Hoy desperté sintiendo un peso en el pecho, una desgana profunda que me envolvía como una manta fría. No quería ir a la universidad, no tenía ánimos para enfrentarme a la rutina ni a las miradas, pero sabía que no podía darme el lujo de faltar, apenas estábamos comenzando el semestre y, además, hoy me tocaba ser el chofer de María José. Era una responsabilidad que no podía evadir, aunque mi corazón estuviera en otra parte.

Al bajar las escaleras, la vi. María José ya estaba lista, impecable como siempre, con esa serenidad en el rostro que me hacía preguntarme si alguna vez algo la perturbaba de verdad.

—Hola —mi voz salió apenas como un susurro, cargada de timidez y un anhelo que no podía ocultar. —¿Estás lista? —pregunté, intentando sonar casual. Ella asintió en silencio, sin regalarme una sola palabra.

El trayecto en el auto fue un océano de silencio. No cruzamos palabra, y el aire se sentía denso entre nosotras, como si las cosas no dichas se sentaran en el asiento trasero, observándonos. Habíamos vuelto a esa distancia incómoda, a esa frialdad que tanto temía. No estaba enojada con María José, en realidad, estaba molesta conmigo misma. ¿Cómo había permitido que nos distanciáramos así? Podríamos estar más cerca que nunca, pero en cambio, éramos dos extrañas compartiendo un espacio reducido y un silencio ensordecedor.

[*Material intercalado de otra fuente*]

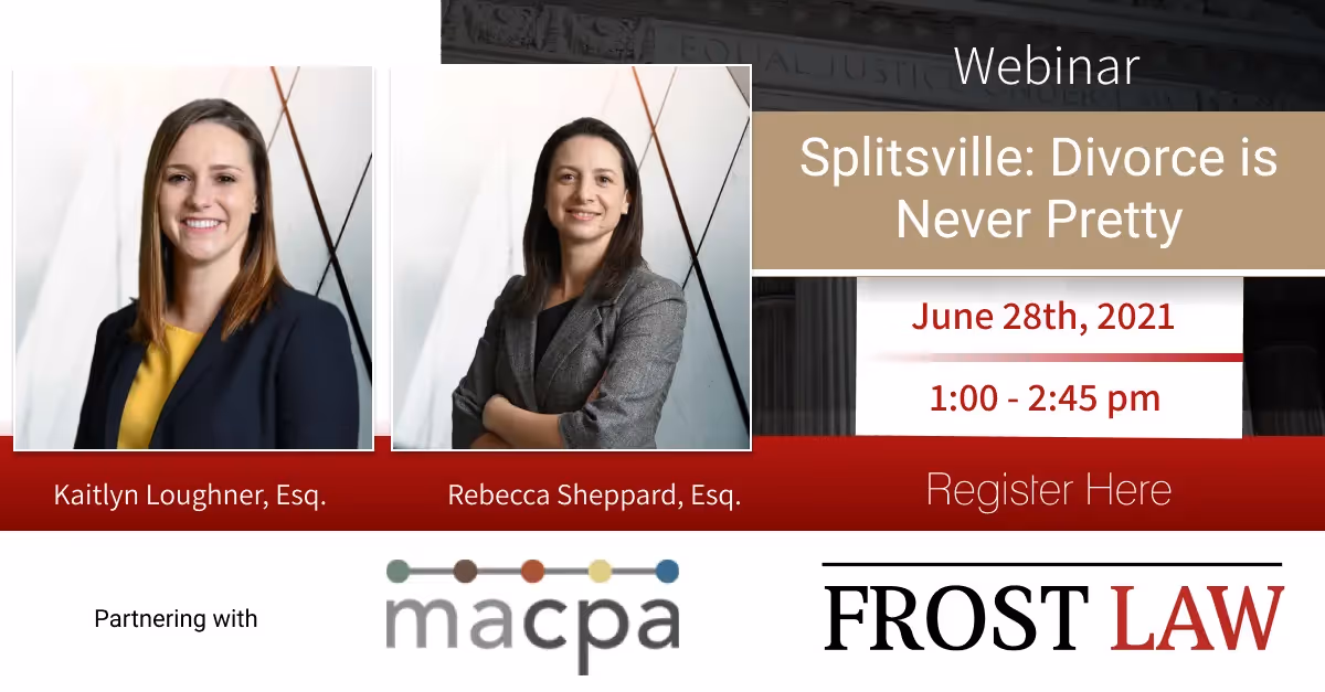 Splitsville: Divorce is never pretty. One aspect that is often overlooked are the tax consequences. Join Rebecca Sheppard and Kaitlyn Loughner of Frost Law as they discuss what to look out for, including Innocent Spouse Defenses.

Al llegar a la universidad, fuimos a buscar a Paula. La saludamos y nos dirigimos al aula. Paula se sentó a mi lado, mientras que María José eligió un asiento un poco alejado, como si necesitara marcar una frontera invisible entre nosotras. Durante la clase, intenté concentrarme en la voz del profesor, pero era imposible. Sentía la mirada de María José sobre mí, como una caricia que no me atrevía a devolver. Cuando giraba para mirarla, ella apartaba los ojos rápidamente, fingiendo interés en la pizarra, evitando cualquier contacto visual.

Me incliné hacia Paula y le susurré, apenas moviendo los labios:

—Paula, hoy vamos a tener una tarde de marineras.

Ella me miró, claramente confundida, arqueando una ceja.

—¿De qué estás hablando, Daniela? —preguntó en voz baja, cuidando que el profesor no nos escuchara.

—¿Aceptas o no? —insistí, buscando en su mirada un poco de complicidad.

—Sí, pero… ¿puedo llevar a alguien? —su sonrisa era traviesa, como si ya tuviera a alguien en mente.

—Claro, avisa también a los demás —murmuré, sintiendo una pequeña chispa de emoción ante la idea de compartir una tarde diferente.

La duda me carcomía por dentro: no sabía si debía invitar a María José. Lo que había pasado entre nosotras aún era una herida abierta, pero recordé la promesa que le había hecho a mi padre. Respiré hondo, intentando reunir el valor necesario para acercarme a ella, pero justo cuando me decidí, la vi sonreír al leer un mensaje en su celular. Esa sonrisa, tan ajena a mí en ese momento, me hizo retroceder.

—Olvídalo, no soy su niñera —susurré para mí misma, sintiendo una punzada de celos y tristeza.

Después de la universidad, Poché y yo regresamos a casa. Yo iba en busca de mi traje de baño, mientras que María José, supuse, se quedaría si no tenía otros planes. Cuando bajé, Paula ya me esperaba afuera, impaciente. Le pedí que condujera ella esta vez. Al llegar al muelle, no dudé ni un segundo en subirme al yate. Necesitaba el sol, el calor en la piel, algo que me distrajera de mis pensamientos. Me acomodé para broncearme, cerré los ojos y dejé que el murmullo del agua me arrullara, hasta que sentí la presencia de Poché.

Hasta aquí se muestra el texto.